Tommy Washbush
An oversized Elon Musk cuts of the D.C. Capitol dome with a chainsaw.
If I walked up to a random group of Madisonians and said, “Wasn’t ‘Reinventing Government’ the smartest and most effective government reform effort ever?” I would, I am sure, draw blank stares and “huh?” responses.
The Reinventing Government initiative (1993-2000), led by Vice President Al Gore, implemented recommendations from the 1993 National Performance Review (“NPR”), a six-month data-driven, comprehensive review of all U.S. government agencies and regulations undertaken at the beginning of President Bill Clinton’s administration. The NPR and Reinventing Government efforts had large, ambitious goals: making the federal government more efficient and less costly, reducing the size of the federal workforce, measuring and improving customer service, and balancing the federal budget.
Reinventing Government was hugely successful. It reduced the federal workforce by more than 400,000 employees. It repealed thousands of federal regulations and eliminated hundreds of federal programs. It led to a balanced federal budget. A customer service culture pervaded federal agencies, with the Social Security Administration leading the way. While Reinventing Government implemented government-wide reforms, there was no chaos.
Fast-forward to 2025. President Donald Trump unleashed Elon Musk and the presidentially-created Department of Government Efficiency (DOGE) without the benefit of the systematic review or data that guided the Reinventing Government effort. The result: chaos. While the DOGE effort reduced the federal workforce by 199,000 persons, according to the Partnership for Public Service, its slash-and-burn approach to government reform is causing harms we have only begun to feel.
DOGE eliminated 23,000 jobs at the Internal Revenue Service. Have you tried calling the IRS lately? I recently received a mysterious $14 refund check from the IRS for tax year 2019. Having no idea what this was for, I called the IRS. A bot answered and gave me two options: press 1 for the status of my ‘23 or ‘24 tax return or press 2 for the status of my ‘23 or ‘24 tax refund. No other options. Fortunately, Rep. Mark Pocan’s office was able to help me, but is his office now the all purpose backstop for decimated federal agencies?
What about the chaotic rollout of COVID vaccines? DOGE and Robert F. Kennedy Jr., secretary of the Department of Health and Human Services, cut HHS’ workforce by more than 20,000 persons, or about 25%. Although one branch of HHS announced that COVID vaccinations would be available to folks 65 and over without a prescription beginning Sept. 1, a different HHS branch failed to send approval for Medicare reimbursement for COVID shots until Sept. 4. The result? When I tried to schedule my COVID shot on Sept. 1, the pharmacy said I needed a prescription. When I contacted my primary care provider for a prescription, her office said I didn’t need one. I wasn’t alone: For several days, Wisconsin’s pharmacies and doctors’ offices were swamped by calls from confused patients 65 and older who could not get promised COVID shots.
DOGE also has a big hand in upending significant federal policies and programs. Take rural high-speed broadband expansion in Wisconsin. The Wisconsin Public Service Commission spent three years working with local and tribal leaders and internet service providers to plan the expansion of reliable high-speed broadband to over 98% of Wisconsin’s rural communities that lack such service. On the eve of implementation, the DOGE-influenced National Telecommunications and Information Administration (NTIA), the federal agency responsible for funding rural broadband expansion under the 2021 bipartisan infrastructure bill, abruptly changed the funding rules to prioritize cost over reliability. Why? This last-minute rule change essentially requires funding unlicensed services sold by Starlink, Elon Musk’s satellite internet company, and other similarly less reliable sources, rather than highly reliable fiber optic providers.

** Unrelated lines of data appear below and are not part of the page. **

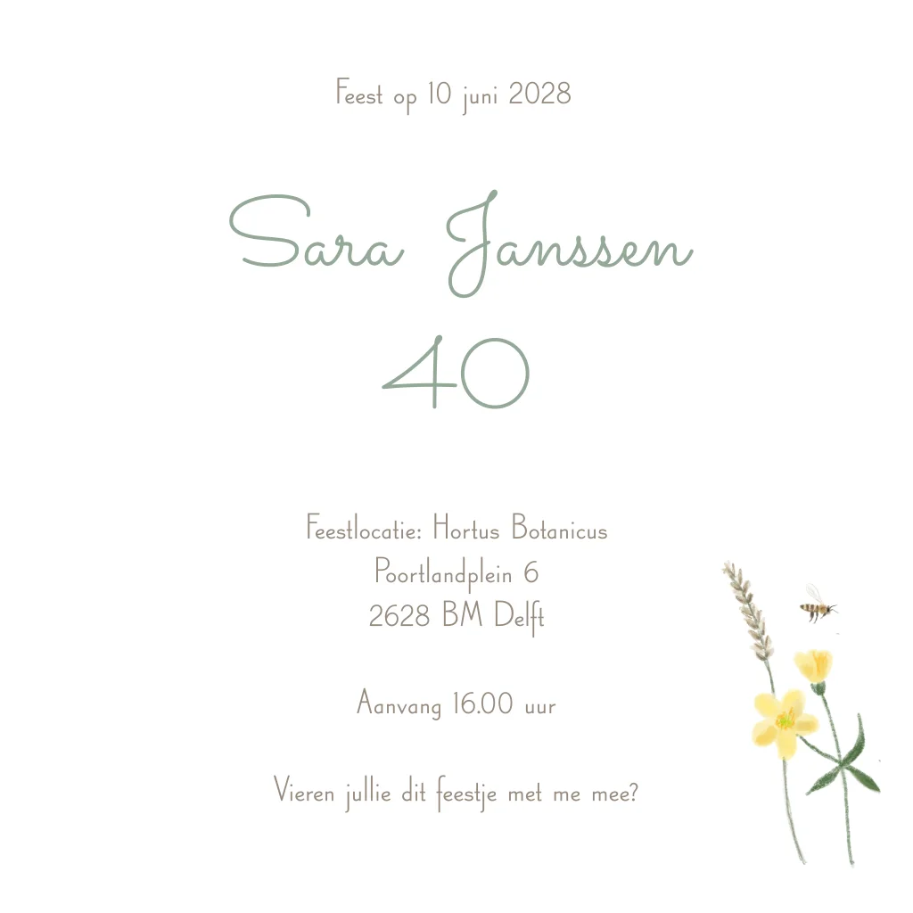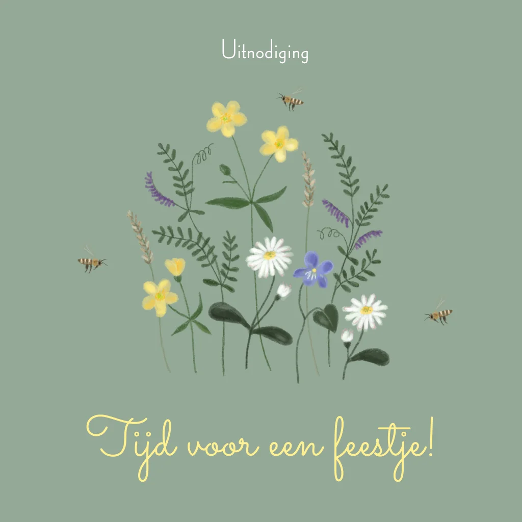 Uitnodigingskaart voor een feestje veldbloemen en bijen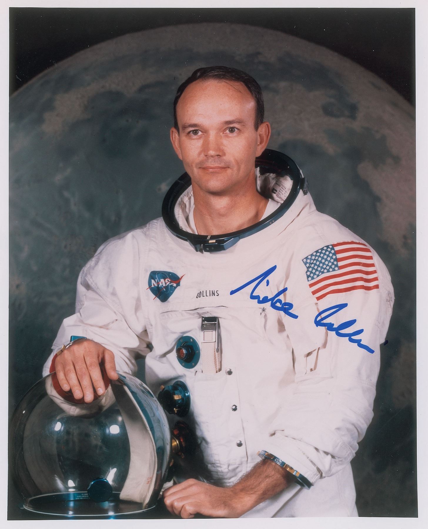 Color semi-glossy 8 x 10 photo of CMP Michael Collins posing in his white space suit against a lunar backdrop, signed in blue felt tip, “Mike Collins.” In very fine condition.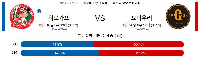 【NPB】 5월3일 히로시마 도요카프 vs 요미우리 자이언츠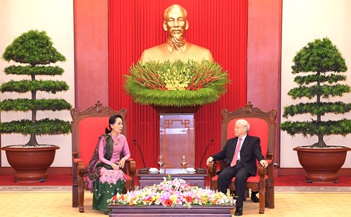 Tổng Bí thư Nguyễn Phú Trọng nhiệt liệt hoan nghênh chuyến thăm chính thức Việt Nam của Cố vấn Nhà nước Myanmar Aung San Suu Kyi; đánh giá cao sự phát triển của quan hệ giữa hai nước trong thời gian qua và tin tưởng chuyến thăm Việt Nam lần này của bà Aung San Suu Kyi sẽ là dấu mốc quan trọng, góp phần thúc đẩy hơn nữa quan hệ hữu nghị và hợp tác nhiều mặt giữa hai nước. Tổng Bí thư Nguyễn Phú Trọng khẳng định chính sách nhất quán của Việt Nam là coi trọng tăng cường và mở rộng quan hệ hữu nghị và hợp tác nhiều mặt với Myanmar; hoan nghênh kết quả hội đàm giữa bà Aung San Suu Kyi với Thủ tướng Nguyễn Xuân Phúc, đề nghị hai bên đẩy mạnh hợp tác trên tất cả các lĩnh vực, nhất là trong những lĩnh vực tiềm năng như thương mại, đầu tư và giao lưu văn hóa cũng như trong khuôn khổ ASEAN và các diễn đàn khu vực và quốc tế, vì hòa bình, ổn định, hợp tác và phát triển ở khu vực và trên thế giới.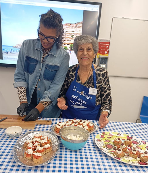- Griekse kookdemonstratie door Sancha Shuurs (“Yiayia kookt”) en Evangelia Nikolidaki (de Moeder van Jorgos).

In Wisconsin, over $1.5 billion in broadband subsidies must now be awarded to providers of less reliable broadband access. Rural communities lacking reliable high-speed broadband will now get…less reliable high-speed broadband service. Chair Summer Strand explained at a Sept. 3 meeting of the Wisconsin Public Service Commission that the arbitrary, last-minute DOGE-inspired rule changes require “[s]hifting the program results to less reliable technology,” and that rural communities will receive “short-term, less reliable” technology.
What can we do to stop the chaos? Congress, not the president or DOGE, has the constitutional authority and responsibility to oversee the budgets, missions and workforce size of federal agencies. Just because Congress has thus far abdicated its responsibility doesn’t mean that we, the people, should abdicate ours. Contact U.S. Sens. Tammy Baldwin and Ron Johnson and your U.S. representative to demand that Congress use its authority to stop the interference of DOGE and exercise its oversight authority. Tell them the meat-cleaver, thoughtless approach to cutting federal programs and staff is having direct and harmful effects on folks right here in Wisconsin. Do this every day. Really.
Eileen Harrington, a lawyer, is a Madison native and resident who spent 30 years as a senior federal career civil servant in Washington, D.C.